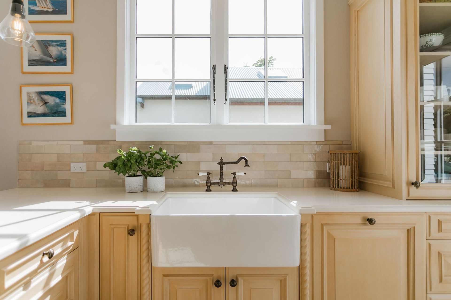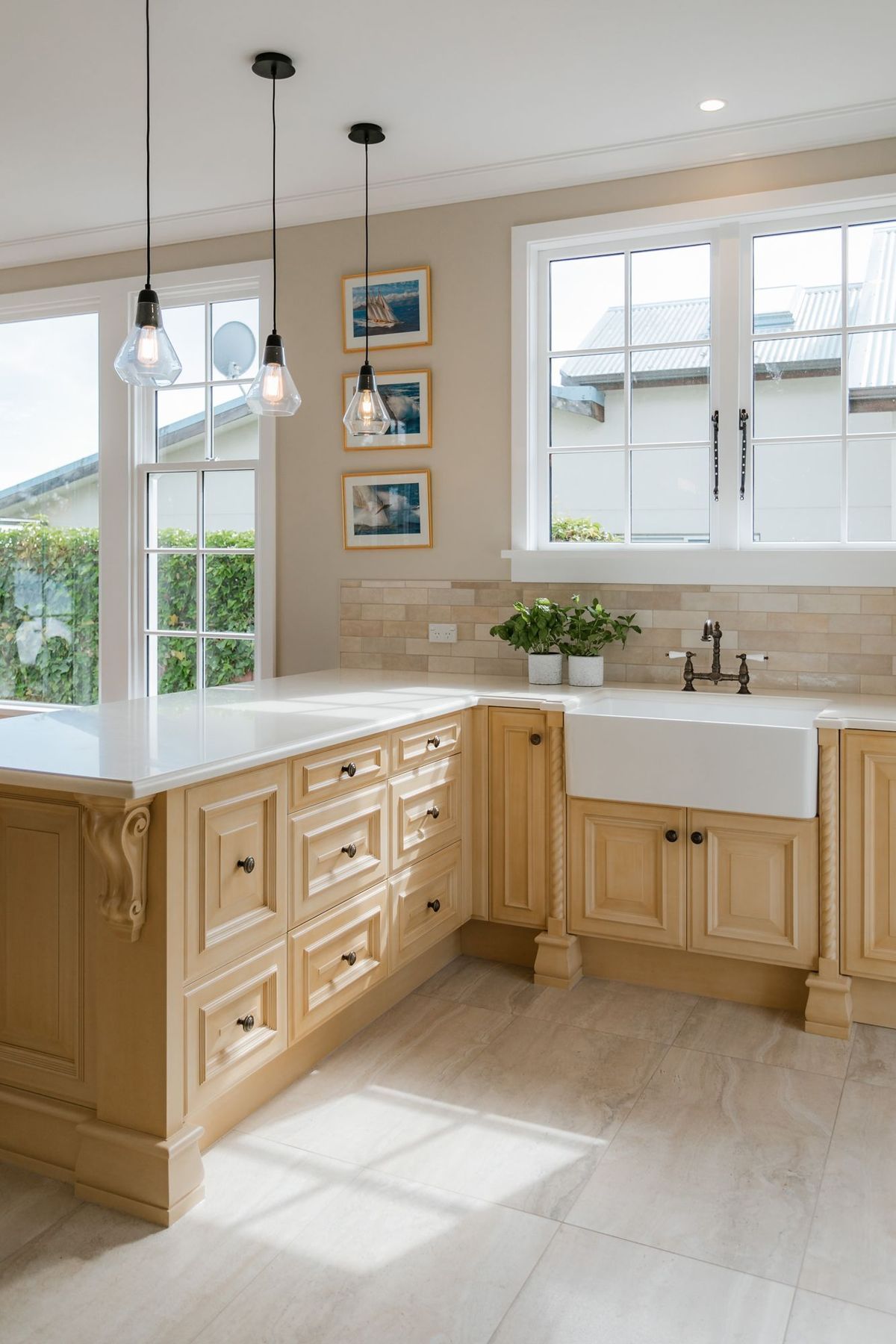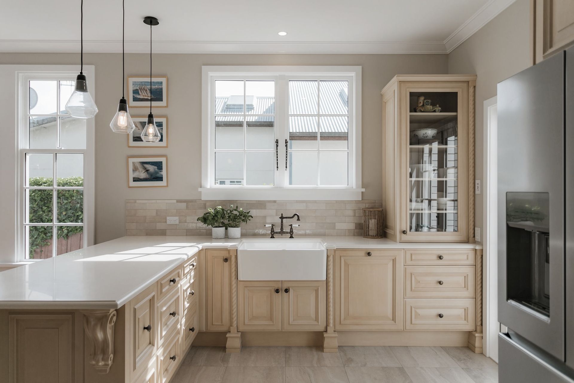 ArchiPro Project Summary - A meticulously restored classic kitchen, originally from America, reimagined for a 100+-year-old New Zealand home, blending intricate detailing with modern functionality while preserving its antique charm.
==================================================
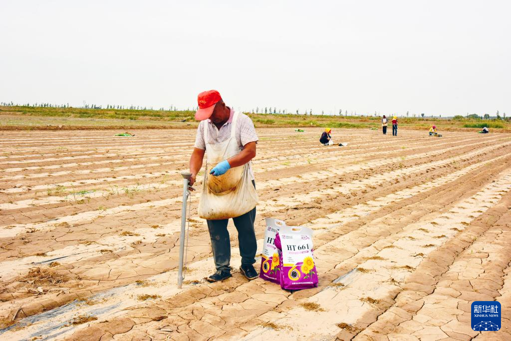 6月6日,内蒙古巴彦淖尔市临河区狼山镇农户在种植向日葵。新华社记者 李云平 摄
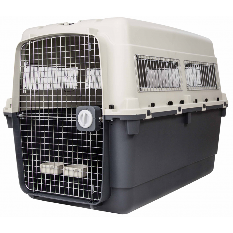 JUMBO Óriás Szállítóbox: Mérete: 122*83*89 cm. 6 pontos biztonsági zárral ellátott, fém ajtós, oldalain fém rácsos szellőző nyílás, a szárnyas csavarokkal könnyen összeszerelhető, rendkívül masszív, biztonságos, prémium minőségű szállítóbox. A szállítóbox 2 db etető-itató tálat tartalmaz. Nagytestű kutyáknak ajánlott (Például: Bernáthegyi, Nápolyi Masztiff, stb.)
==================================================
Task item: Transcribe exactly the lines above, beginning at the one with "6月6日,内蒙古巴彦淖尔市临河区狼山镇农户在种植向日葵。新华社记者 李云平 摄" and going up to and including the one with "JUMBO Óriás Szállítóbox: Mérete: 122*83*89". Pictures do not belong in the copy.

Written answer:
 6月6日,内蒙古巴彦淖尔市临河区狼山镇农户在种植向日葵。新华社记者 李云平 摄
 JUMBO Óriás Szállítóbox: Mérete: 122*83*89 cm. 6 pontos biztonsági zárral ellátott, fém ajtós, oldalain fém rácsos szellőző nyílás, a szárnyas csavarokkal könnyen összeszerelhető, rendkívül masszív, biztonságos, prémium minőségű szállítóbox. A szállítóbox 2 db etető-itató tálat tartalmaz. Nagytestű kutyáknak ajánlott (Például: Bernáthegyi, Nápolyi Masztiff, stb.)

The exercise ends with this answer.